Say we want to know the probability of getting 22/30 hits or more (in the blindsight example) - how many reps would we need in a simulation to match the answer from the equation to 2 significant figures?

Let’s find out.

Ground truth answer#

First we use thhe equation to find out the probabilty of getting 22/30 or more:

1 - stats.binom.cdf(21,30,0.5)
0.008062400855123997

I make it 0.00806 to three significant figures

Simulation#

Now we run a simulation where we ‘run’ the experiment (30 trials) many times, assuming the null is true so

\[k \sim \mathcal{B}(30,0.5)\]
nReps = 100000000
n = 30
p= 0.5

# Your code here to generate 10000 values of k

# Your code here to find the proportion in which k>=22
0.00805143

Hopefully the result you got was close to the ground truth result of 0.00806, but it was probably not a match to two significant figures (or maybe even to one).

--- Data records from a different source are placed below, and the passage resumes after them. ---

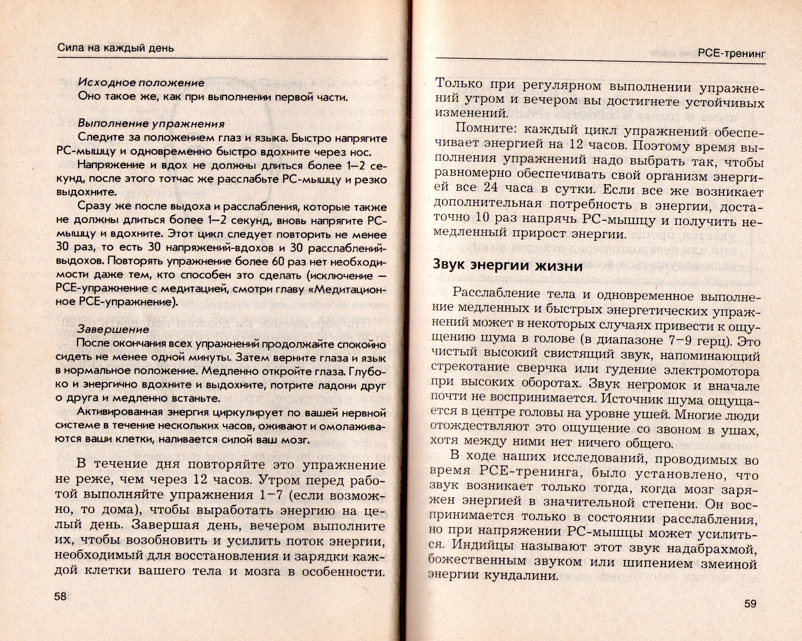 Мы видели, что сексуальность, или, другими словами, сексуальная (жизненная) энергия, является той силой, которая во многом определяет нашу жизнь. PC-мышца как один из наиболее действенных источников энергии человеческого тела принимает участие в самом возвышенном творческом акте, к которому способен человек. Энергия, рождающая жизнь, является в то же время энергией, поддерживающей жизнь. Использовать эту энергию помогает РСЕ-тренинг.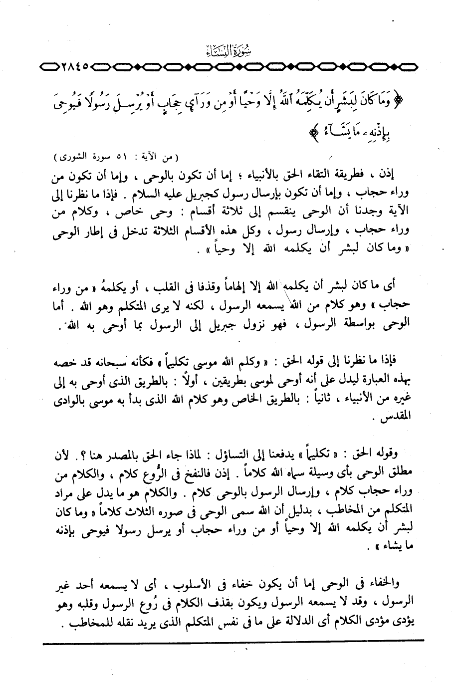 {وَمَا كَانَ لِبَشَرٍ أَن يُكَلِّمَهُ الله إِلاَّ وَحْياً أَوْ مِن وَرَآءِ حِجَابٍ أَوْ يُرْسِلَ رَسُولاً فَيُوحِيَ بِإِذْنِهِ مَا يَشَآءُ إِنَّهُ عَلِيٌّ حَكِيمٌ} [الشورى: 51]
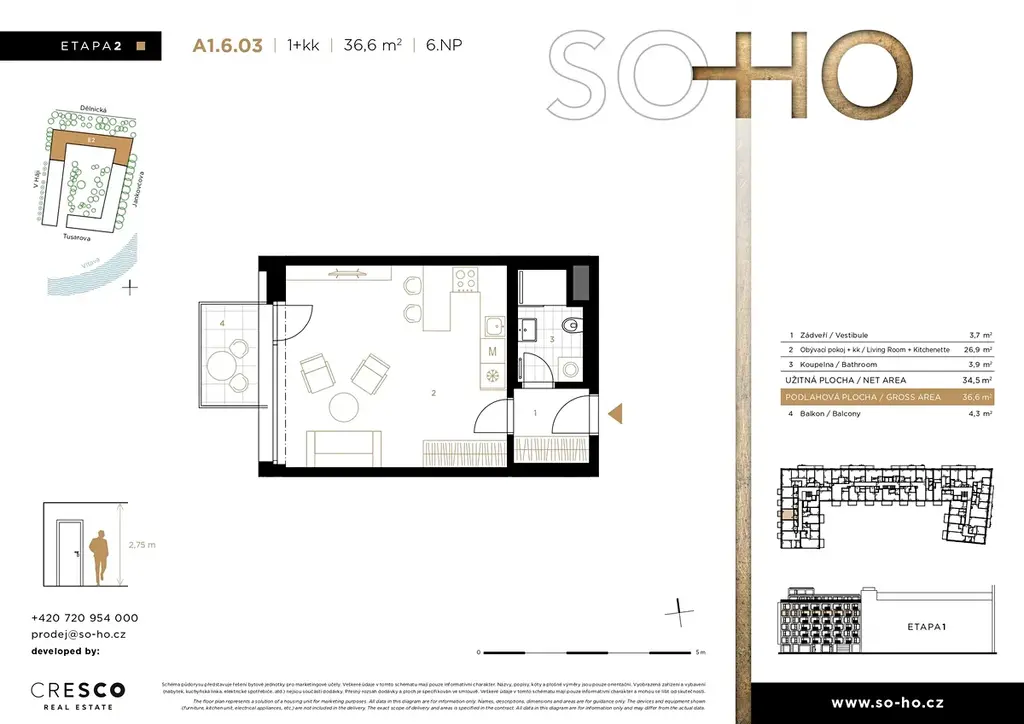 Více informací o tomto bytě, projektu a aktuální nabídce bytů z 2. etapy najdete na webových stránkách projektu. Rádi vás přivítáme také v našem prodejním centru:

This may be surprising when you see how well the simulation appears to match the predicted distribution overall:

https://raw.githubusercontent.com/jillxoreilly/StatsCourseBook_2024/main/images/Chp9_simfit.png

The problem is that we are interested in the very tail of the distribution and we don’t expect many repetitions to result in values of k that fall in this tail. For example, we expect 54 out of 10000 reps to result in k==22. In fact, we got about 40 cases of k==22, which is an error of only 12 reps (out of 10,000), but it is also an error of over 20% (in the height of this particular bar):

https://raw.githubusercontent.com/jillxoreilly/StatsCourseBook_2024/main/images/Chp9_simfit_tail.png

So when we are interested in the tail of the distribution, as we often are (for example in permutation testing, when we are checking whether a result is in a tail of 5% or 1% of the null distribution) - we need a lot of repetitions to get an accurate result.

Adjust nReps in the code above until the simulated value of p(k>=22) reliably matches the ground truth value to 2 sinificant figures (ie if you run the code block several times does it match most of the time)?

  • I think you need over a million reps to achieve this so if your computer is slow or you are working on colab you may need to give up!